» **Source information**:
Start of Block
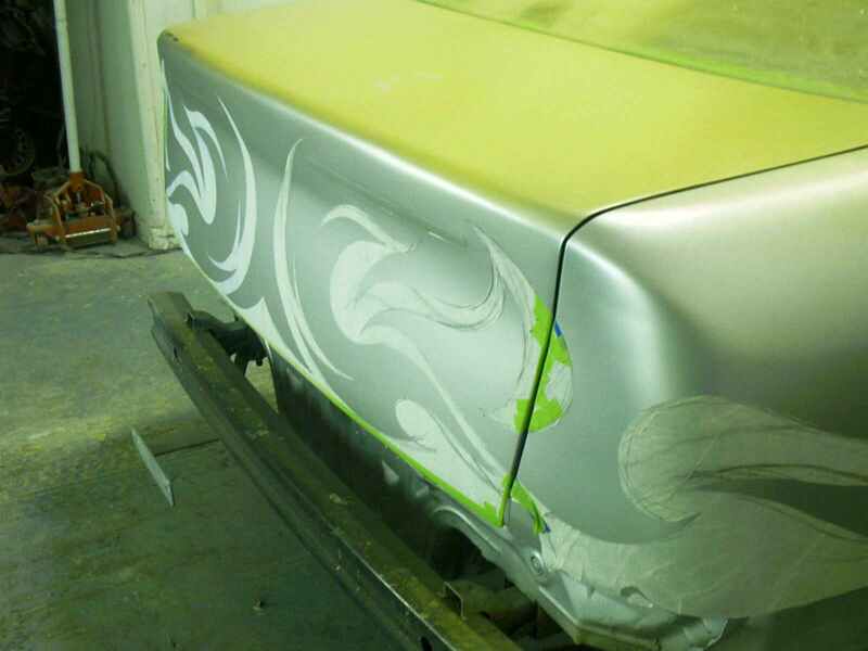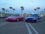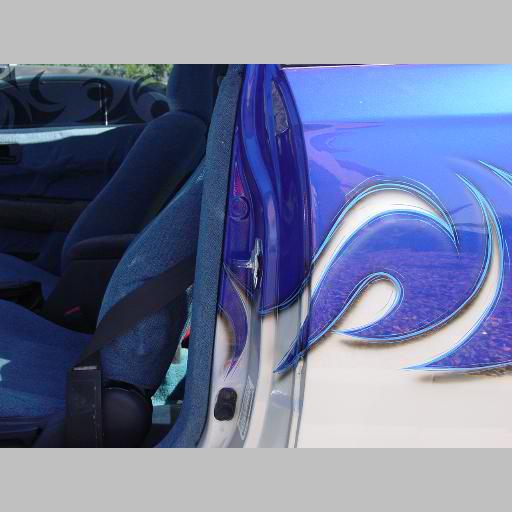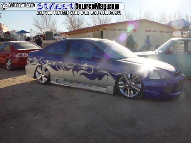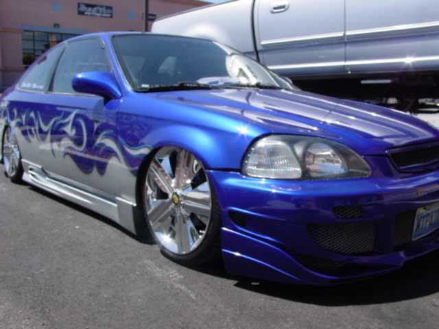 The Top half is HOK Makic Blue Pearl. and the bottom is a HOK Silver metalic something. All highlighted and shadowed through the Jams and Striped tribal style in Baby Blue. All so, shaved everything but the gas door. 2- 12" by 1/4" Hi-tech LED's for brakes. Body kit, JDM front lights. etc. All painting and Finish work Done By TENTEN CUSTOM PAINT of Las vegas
End of Block
Start of Block
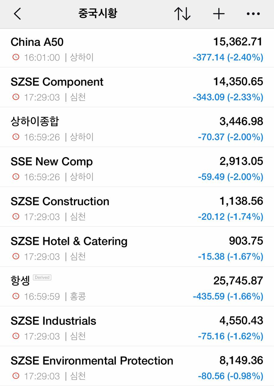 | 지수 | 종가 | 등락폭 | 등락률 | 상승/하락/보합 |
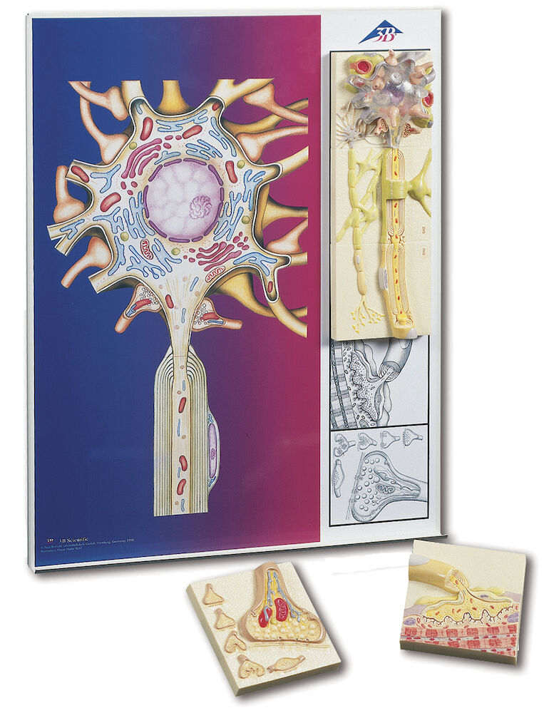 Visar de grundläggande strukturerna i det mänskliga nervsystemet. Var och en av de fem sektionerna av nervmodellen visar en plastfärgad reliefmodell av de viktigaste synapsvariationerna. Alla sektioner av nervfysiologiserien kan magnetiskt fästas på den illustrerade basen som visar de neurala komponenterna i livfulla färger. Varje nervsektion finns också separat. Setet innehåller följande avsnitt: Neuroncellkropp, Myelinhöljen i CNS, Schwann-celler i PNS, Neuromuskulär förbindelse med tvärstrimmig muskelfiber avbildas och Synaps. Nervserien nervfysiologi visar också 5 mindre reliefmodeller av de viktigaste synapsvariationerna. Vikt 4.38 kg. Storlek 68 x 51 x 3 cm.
End of Block
Start of Block
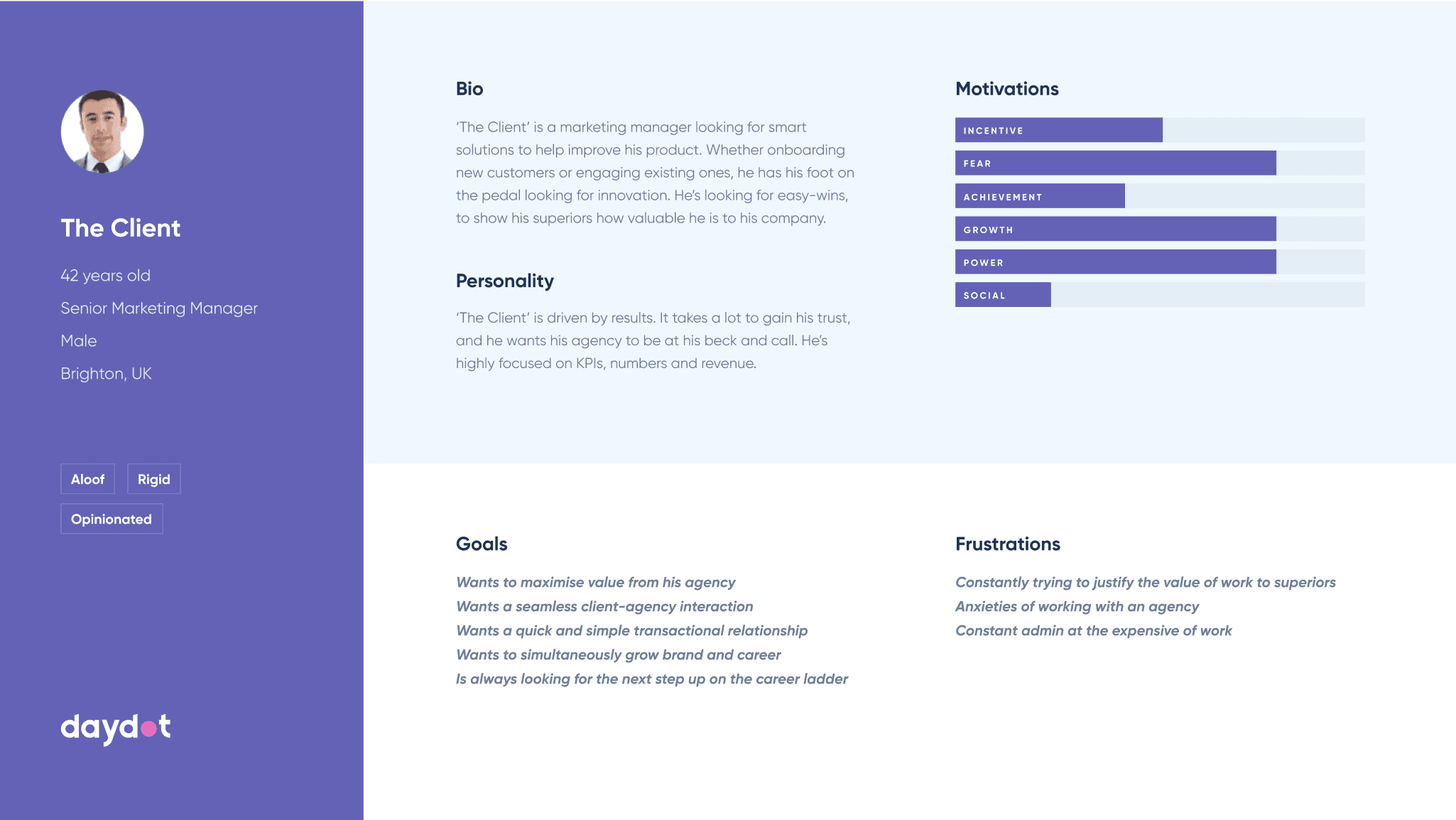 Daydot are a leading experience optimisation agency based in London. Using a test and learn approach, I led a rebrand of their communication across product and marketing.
End of Block
» **Instructions to follow**: Look above for the line with "등락률 | 상승/하락/보합 |" and the line with "Visar de grundläggande", then copy exactly the lines from the first through the second, both kept, with no pictures.

» **Output for this task**:
 | 지수 | 종가 | 등락폭 | 등락률 | 상승/하락/보합 |
 Visar de grundläggande strukturerna i det mänskliga nervsystemet. Var och en av de fem sektionerna av nervmodellen visar en plastfärgad reliefmodell av de viktigaste synapsvariationerna. Alla sektioner av nervfysiologiserien kan magnetiskt fästas på den illustrerade basen som visar de neurala komponenterna i livfulla färger. Varje nervsektion finns också separat. Setet innehåller följande avsnitt: Neuroncellkropp, Myelinhöljen i CNS, Schwann-celler i PNS, Neuromuskulär förbindelse med tvärstrimmig muskelfiber avbildas och Synaps. Nervserien nervfysiologi visar också 5 mindre reliefmodeller av de viktigaste synapsvariationerna. Vikt 4.38 kg. Storlek 68 x 51 x 3 cm.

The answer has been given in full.